Businesses can continue to require face coverings, and masks are still recommended for users of public transportation and for airline passengers, healthcare workers, people in health care and long-term care facilities, and people with compromised health conditions.

Walmart Inc. announced last week that fully vaccinated customers need not wear a mask beginning Friday and that fully vaccinated employees do not need one beginning this Tuesday in stores in areas where there is no mask mandate.

Costco also dropped the requirement Friday for members.

Inslee also said the economy can fully reopen by June 30 if 70 percent of residents 16 and older statewide are vaccinated by then, about 13 percentage points higher than last week’s statewide vaccination rate.

In Jefferson County, 69 percent of residents have received one dose and 60 percent are fully vaccinated, Locke said.

Fifty percent of the Clallam County residents have received their first dose, while 44 percent are fully vaccinated, Berry said Friday.

There are no outbreaks that county officials are tracking. But recent new cases — unrelated to three recent outbreaks — are popping up mostly on the West End, which raises concerns that undetected transmission is occurring in that part of the county, Berry said.

“We’ll be doing more investigation on that and trying to scale up testing resources,” she said.

Locke said Washington state has the 11th highest COVID-10 cases per 100,000 population in the U.S.

He agreed that the vaccine is highly effective in protecting individuals and stopping transmission.

The CDC revised its mask-wearing guidelines after recent studies showed fully vaccinated individuals had a minuscule likelihood of contracting COVID-19 variants or of transmitting the coronavirus to other individuals.

Effectiveness was 94 percent among health care professionals who were fully vaccinated and 64 percent among health care professionals who were partially vaccinated, according to the CDC. The single-dose Johnson & Johnson vaccine, in limited use at the time of the study, was not part of the review.

Locke is worried unvaccinated individuals without masks will gather indoors with vaccinated individuals and still cause more infections among themselves.

He said one in four people remain strongly opposed to vaccination or feel they should have a right to go unmasked.

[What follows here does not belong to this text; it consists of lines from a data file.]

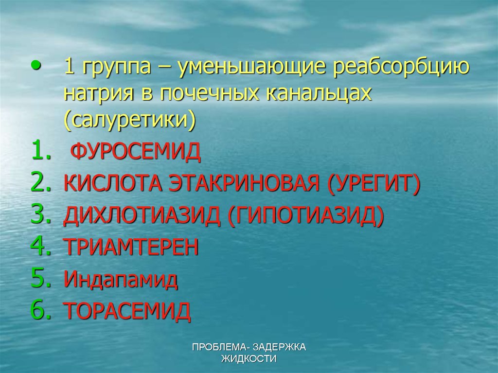 Диуретики. Проблема - задержка жидкости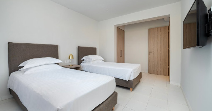 Dotari camere: Smaragdi Kos Hotel dispune de 38 de camere spatioase si complet mobilate, care pot acomoda intre 2 si 6 persoane. Exista camere duble standard, camere triple, camere cvadruple si camere de familie. Toate camerele sunt dotate cu aer conditionat, televizor cu canale prin satelit, telefon, frigider, fierbator, baie cu dus, uscator de par si balcon spatios.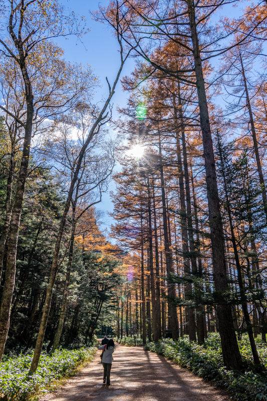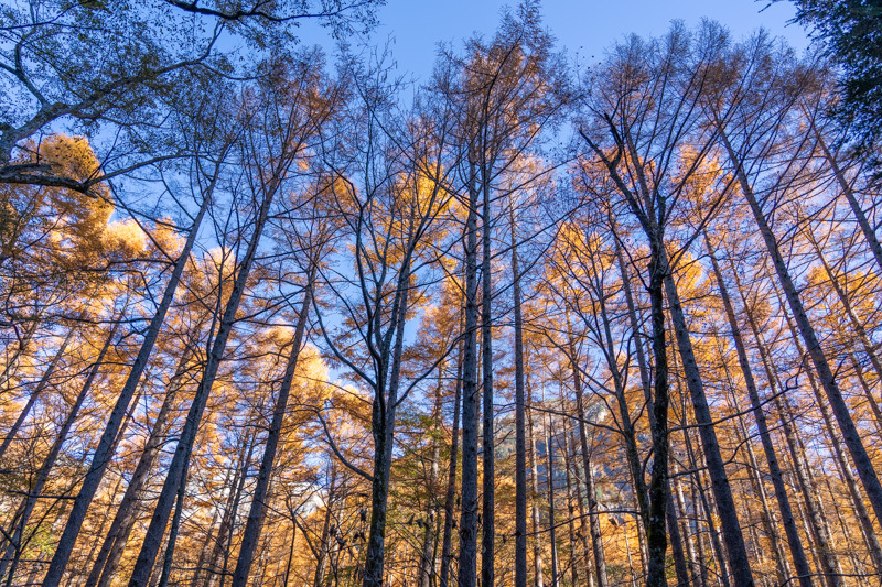 黄金色に輝く針葉樹林の中をとぼとぼ歩き

“I do not see a practical way for separating immunized and unimmunized people in retail stores and grocery stores and indoor public places without masks,” he said.

“I fully expect unvaccinated people will enjoy the freedom to go indoors without masks along with people who are fully vaccinated.”

Berry said Saturday an additional COVID-19 case was reported Saturday, upping the total to seven in Clallam County since Thursday and 1,312 since the pandemic began.

She said three people were being hospitalized as of Saturday, down from five as of Friday, when four were in a critical care unit. Their ages ranged from their 30s the 60s.

“We are at a critical census with these hospitalizations,” Berry said Friday.

She said Clallam County COVID-19 case rate remained in the high-risk category at 109 cases per 100,000 population and that the positivity rate had improved but was still too high.

Locke said Jefferson County had an increase of one coronavirus case to 412 as of Friday. Jefferson County is in the moderate-risk category with 63 cases per 100,000.

No one was being hospitalized in Jefferson County as of Saturday.

Locke said a Jefferson County woman was stable in a Seattle hospital with COVID-19 as of Wednesday.

Three have died from the coronavirus in Jefferson County and nine in Clallam.

Berry doubted the state can reopen to full capacity in indoor settings by June 30.

“Whether or not that reopening is successful will depend on the rest of us,” she said.

“There’s really no science to say the virus is going to be gone by June 30.

“I think this was more of a political decision than a science-based decision.

“I think if we’re at herd immunity, it’s absolutely safe to fully reopen.

“The question is will we be by June 30? I don’t know,” she said.

“At our current trajectory, unlikely.”